Being on a new cable system, I've spent the last few weeks enjoying Trading Spaces, a show on TLC. I've mentioned before how much I love home improvement shows, and having an interior design/improvement show on several times a week has been great. For the most part, the redesigns are superb, on a tight budget a team of designers give one impressive makeover after another. It's interesting to watch designers work within the tight confines of small budget, and reminds me a lot of working within the confines of browsers when doing web design.

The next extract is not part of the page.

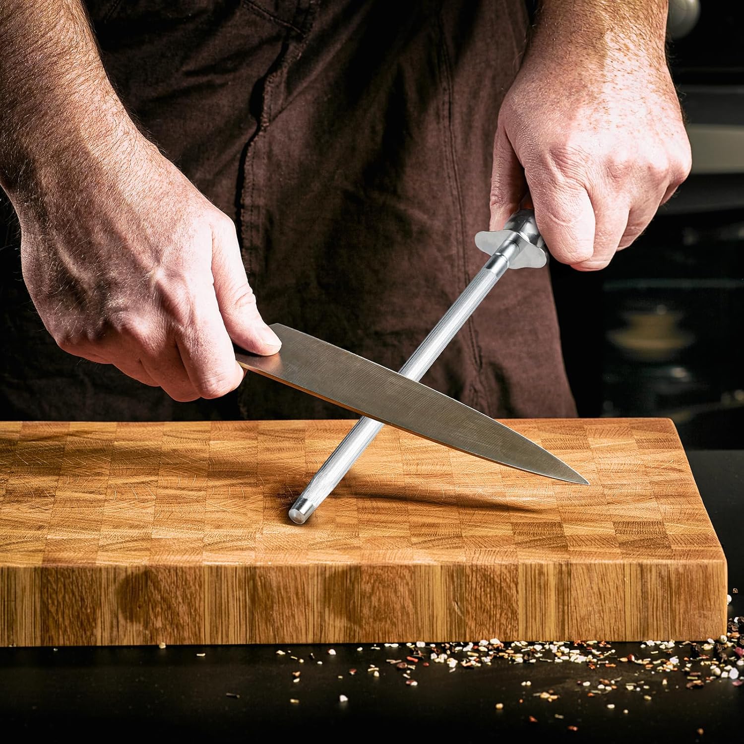 Knife Sharpener Rod, Kitchen Knives Sharpener Carbon Steel Professional Knife Sharpening Steel, Honing Rod with Hanging Holes (13 inches), X

Also like web design, it's easy to spot bad design. One of the designers, Doug, is the epitome of bad, arrogant designers, and I don't mean design strictly in the visual sense. Design isn't just a matter of taste and style, at the heart of design is problem solving. Given the constraints available, and the goals for a project, a good designer creates a solution that solves the problems using their creativity. Doug, however, spends show after show ignoring the goals and spirit of his clients, argues with guests whenever he doesn't get his way, and has a knack for creating solutions that neither solve the original problems nor meet any of the goals. Imagine single purpose rooms designed in a space that was supposed to be multipurpose, imagine designs that go against the sole constraints given, imagine a designer that gets huffy and walks out of the room when people disagree or offer even the slightest bit of criticism.

He's the designer I love to hate, and every episode he appears on reminds me that I should listen to clients, figure out and communicate goals to everyone involved, and work within constraints when hard limits are given.